五年之后,莫德尔又一次出现在天边,渐渐接近,在弗洛斯特朝南的表面前停下。
“伟大的弗洛斯特?”
“什么事?”
“你的处理和运算完成了吗?”
“没有。”
“很快就能完成吗?”
“也许能,也许不能。‘很快’是多久?定义这个单词。”
“算了。你仍旧认为目标可以实现?”
“我仍旧知道,我能做到。”
沉默了一个星期。
接着,“弗洛斯特?”
“什么事?”
“你是个傻瓜。”
莫德尔的转塔转向他来的方向,他的轮子开始启动。
“我需要你时会给你发信号。”弗洛斯特说。
莫德尔远去了。
几个星期过去了,然后是几个月。一年过去了。
一天,弗洛斯特发出信号:
“莫德尔,到我这里来。我需要你。”
莫德尔来到之后,弗洛斯特没等对方向自己致敬,他说:“你不是一台速度很快的机器。”
“唉,我必须走很长的距离,伟大的弗洛斯特,一路上以最高速度行驶。你现在准备和我深入地底吗?你失败了吗?”
“如果我失败了,渺小的莫德尔,”弗洛斯特说,“我会告诉你的。因此,抑制你的不断盘问。至于现在,我计算了你的速度,这个速度不能令人满意。因此,我给你安排了其他形式的交通方式。”
“交通方式?去哪儿,弗洛斯特?”
“这应该由你告诉我。”弗洛斯特说,他的颜色由银蓝色转为被云层遮挡的太阳的黄色。
一百个世纪积淀不化的寒冰开始融化,莫德尔后退了一段距离。一朵祥云托起弗洛斯特,他飘向莫德尔,他的颜色慢慢黯淡下来。
他朝南的表面张开一个洞,里面慢慢伸出一条斜坡道,坡道一端落在冰上。
“在我们交易的那天,”他说,“你声称你可以引导我周游世界,将人觉得赏心悦目的一切指点给我。我的速度比你的快,所以我为你准备了一个舱室。进来,领我去你说过的地方。”

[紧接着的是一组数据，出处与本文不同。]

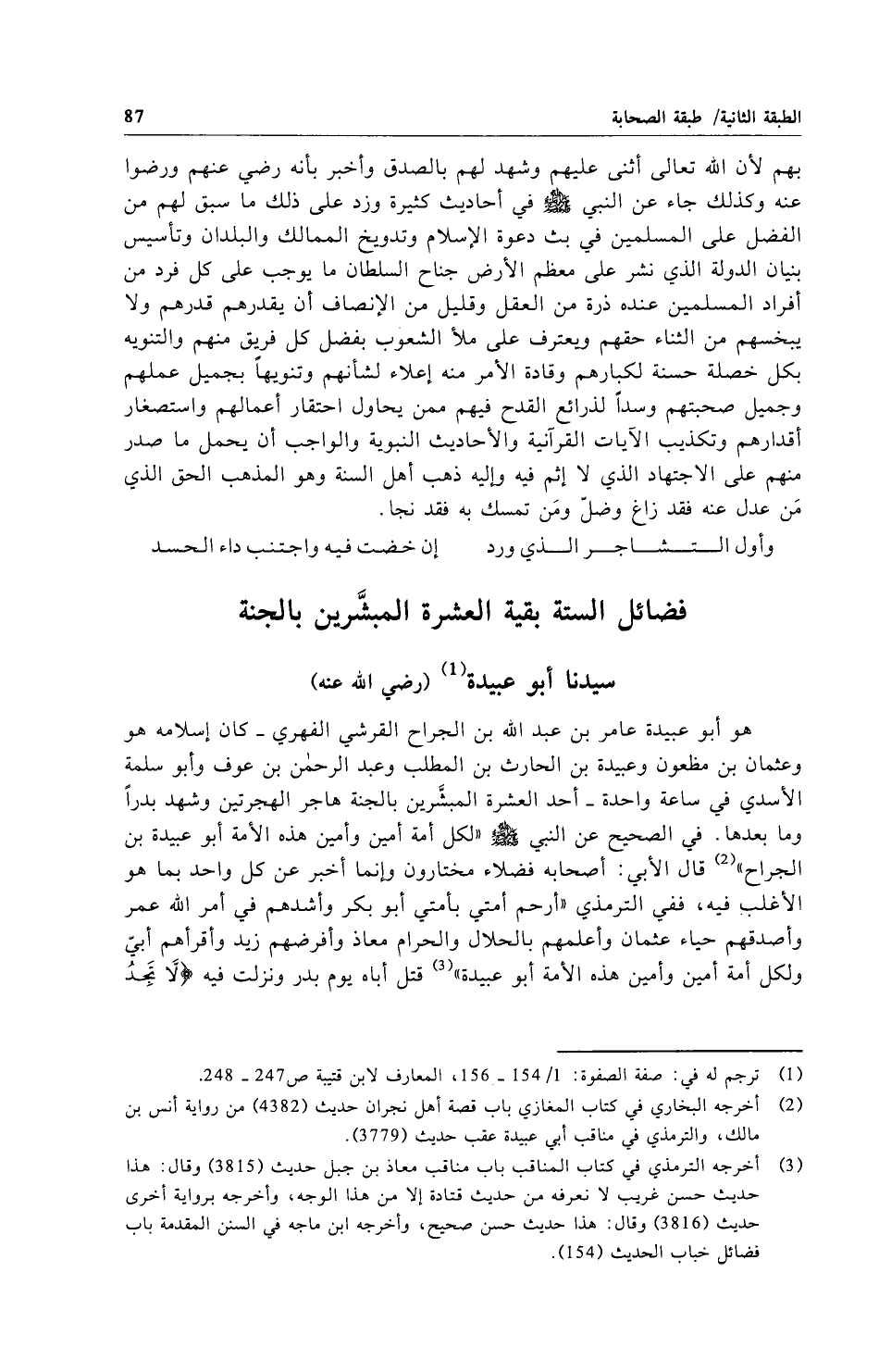 بهم لأن الله تعالى أثنى عليهم وشهد لهم بالصدق وأخبر بأنه رضي عنهم ورضوا عنه وكذلك جاء عن النبي - صلى الله عليه وسلم - في أحاديث كثيرة وزد على ذلك ما سبق لهم من الفضل على المسلمين في بث دعوة الإسلام وتدويخ الممالك والبلدان وتأسيس بنيان الدولة الذي نشر على معظم الأرض جناح السلطان ما يوجب على كل فرد من أفراد المسلمين عنده ذرة من العقل وقليل من الإنصاف أن يقدرهم قدرهم ولا يبخسهم من الثناء حقهم ويعترف على ملأ الشعوب بفضل كل فريق منهم والتنويه بكل خصلة حسنة لكبارهم وقادة الأمر منه إعلاء لشأنهم وتنويهاً بجميل عملهم وجميل صحبتهم وسداً لذرائع القدح فيهم ممن يحاول احتقار أعمالهم واستصغار أقدارهم وتكذيب الآيات القرآنية والأحاديث النبوية والواجب أن يحمل ما صدر منهم على الاجتهاد الذي لا إثم فيه وإليه ذهب أهل السنة وهو المذهب الحق الذي مَن عدل عنه فقد زاغ وضلّ ومَن تمسك به فقد نجا.

莫德尔等待着,发出一声尖啸。接着,“很好。”他说,然后进入舱室。
舱室在他周围封闭,只留下一个弗洛斯特为他准备的石英窗口。
莫德尔将坐标告诉弗洛斯特,他们飞进空中,离开了地球的北极地区。
“我监控了你与下界司命的通讯,”他说,“并且作了一番研究;是否需要扣留你,制造一个你的摹本,将摹本送回去替代你的位置。我的研究表明,你是可牺牲的。”
“你会这么做吗?”
“不,必要的话,我会遵守我们的合同。我没有理由侦察下界司命。”
“提醒你注意,即使你不愿意,你也会被迫遵守合同。还有,上界司命不会帮助你,因为你完全自主地做了这笔交易。”
“你的话是表明一种可能性,还是表明一种必然性?”
“表明一种必然性。”
他们来到一个从前被称为加利福尼亚的地方停下。落日黄昏,远处的浪头不断朝礁石丛生的岸边涌来。弗洛斯特放出莫德尔,观察周围的情况。
“这些大型植物是……”
“红树。”
“这些绿色的是……”
“草。”
“是的,跟我想的一样。我们为什么到这里来?”
“因为这个地方曾经使人感到心旷神怡。”
“产生这种效果的是它的哪个方面?”
“是它的景象,美……”
“哦。”
弗洛斯特内部响起一阵低低的嗡鸣,接着是咔嗒咔嗒几声脆响。
“你在做什么?”
弗洛斯特张开一个开口,里面是两只大眼睛,望着莫德尔。
“这些是什么?”
“眼睛。”弗洛斯特说,“我仿制了人的感觉器官,使我能像人一样看到嗅到尝到听到。现在,给我指点一个事物,一个美的事物。”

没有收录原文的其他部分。